Comorbidities with CVD for the patients and similar conditions for the non-CVD individuals were recorded. Several, such as high blood pressure, high atrial fibrillation, chronic kidney disease and rheumatoid arthritis, were almost exclusively (89 to 93% of the total observed) in the CVD sub-group (Table 1). Others, like diabetes and high cholesterol, although not as prevalent overall, were also mainly in the CVD sub-group. The mean differences were all significant (p < 0.05). The effect is even more marked when considering that the non-CVD sub-group was twice the size of the CVD sub-group.
Chi-square automatic interaction detector trees
Chi-square automatic interaction detector (CHAID) analysis was performed to identify the most important categorical predictors that were able to discriminate between non-CVD and CVD. Exhaustive CHAID, a modification to the basic CHAID algorithm, performs a more thorough merging and testing of predictor variables (Kass, 1980).

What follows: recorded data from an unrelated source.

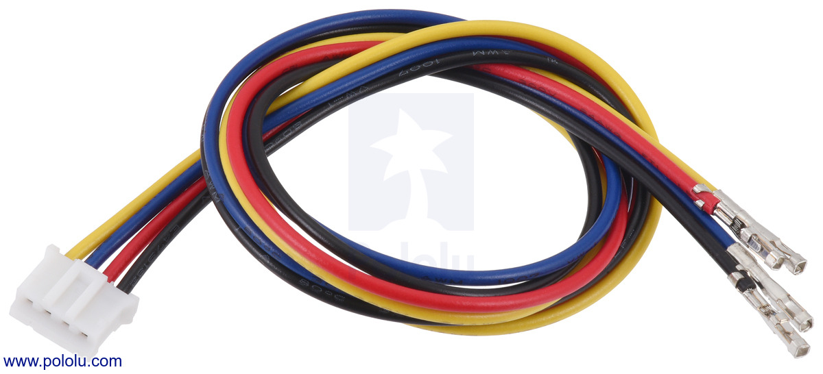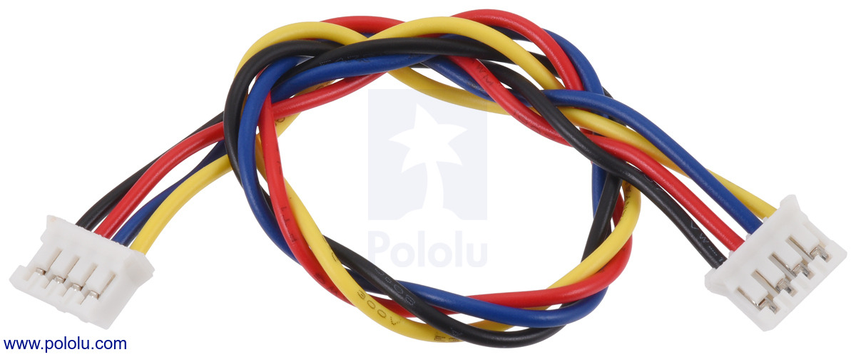 This 4-conductor, 10 cm (4″) cable has 24 AWG wires and 4-pin female JST PH-type connectors (2mm pitch) on both ends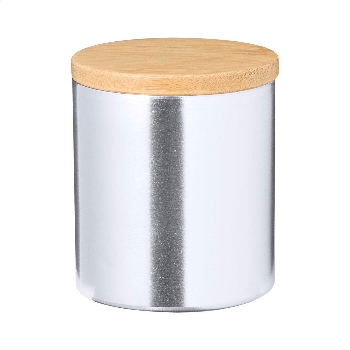 Vanilková vonná svíčka v hliníkovém držáku s bambusovým víčkem.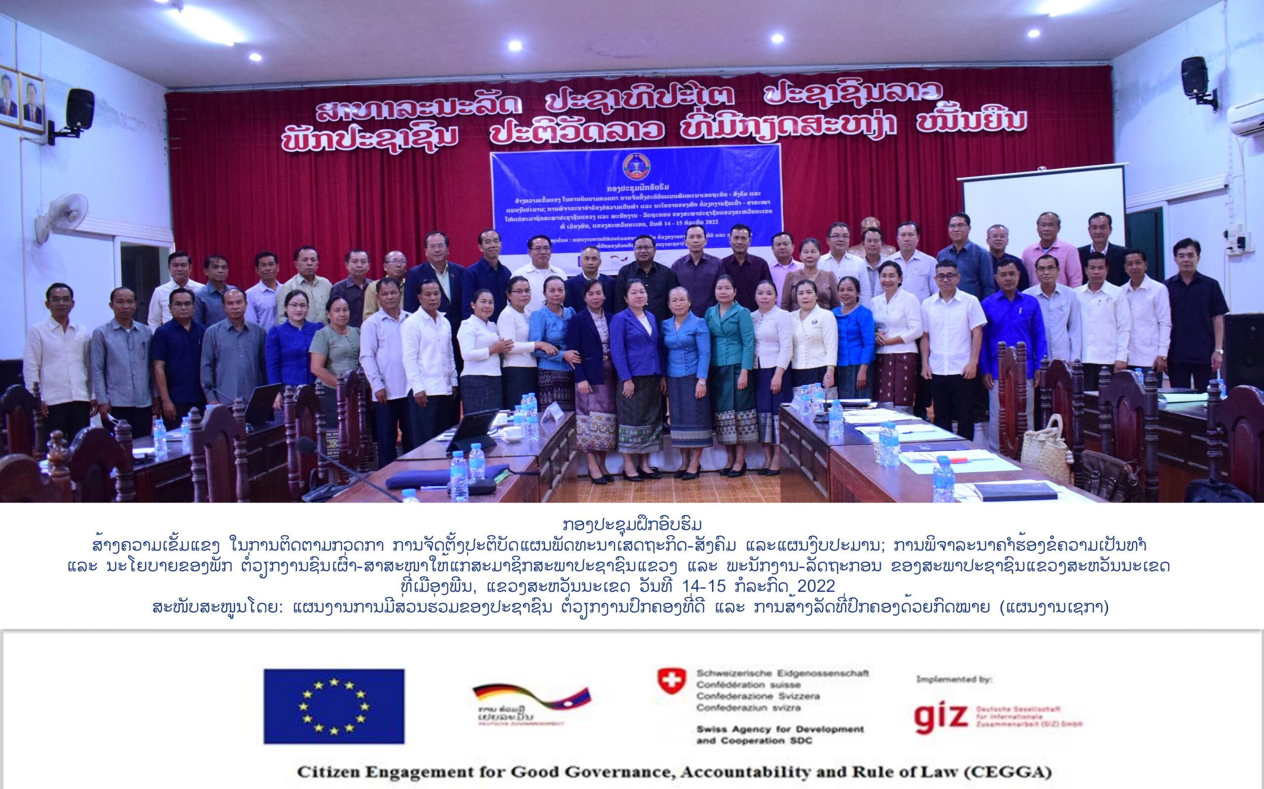 ຮັບ​ຜົນສຳ​ເລັດ​ຕາມ​ຈຸດປະສົງ​ ແລະ ລະດັບ ຄາດໝາຍ ທີ່ວາງໄວ້. ກອງປະຊຸມຝຶກອົບຮົມໃນຄັ້ງນີ້ ແມ່ນໄດ້ຮັບການສະໜັບສະໜູນໂດຍ: ຈາກແຜນງານການມີສ່ວນຮ່ວມຂອງປະຊາຊົນ ຕໍ່ວຽກງານການປົກຄອງທີ່ດີ ແລະ ການສ້າງລັດ ທີ່ປົກຄອງດ້ວຍກົດໝາຍ ( ແຜນງານເຊກາ-CEGGA ).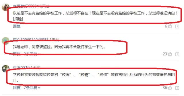对于教室安装监控,大家统一的认识,就是这样做,是在保护老师和学生们的正当权益。比如,这样做,可以证明老师们的清白;比如,这样做,老师可以提醒自己别再敲打学生;比如,这样做,有效地制止了“校闹”、“校霸”、“校侵”等现象。

The CHAID routine was run on the sample data using different selection criteria to obtain optimum classification (Table 2). Model 3 was the most successful at predicting the CVD group in the TT2015 sample at 85% in the Training sample and 88% in the Test sample compared to Models 1 and 2 (Table 2). The results from the extraction of the significant classifying variables showed that the individual’s age and the presence of high blood pressure were included in all three models (Table 3). Models 2 and 3 have the same three significant predictors but markedly different classification predictions in both the Training and Test sets (because of the selection criteria, including the splitting %, chosen).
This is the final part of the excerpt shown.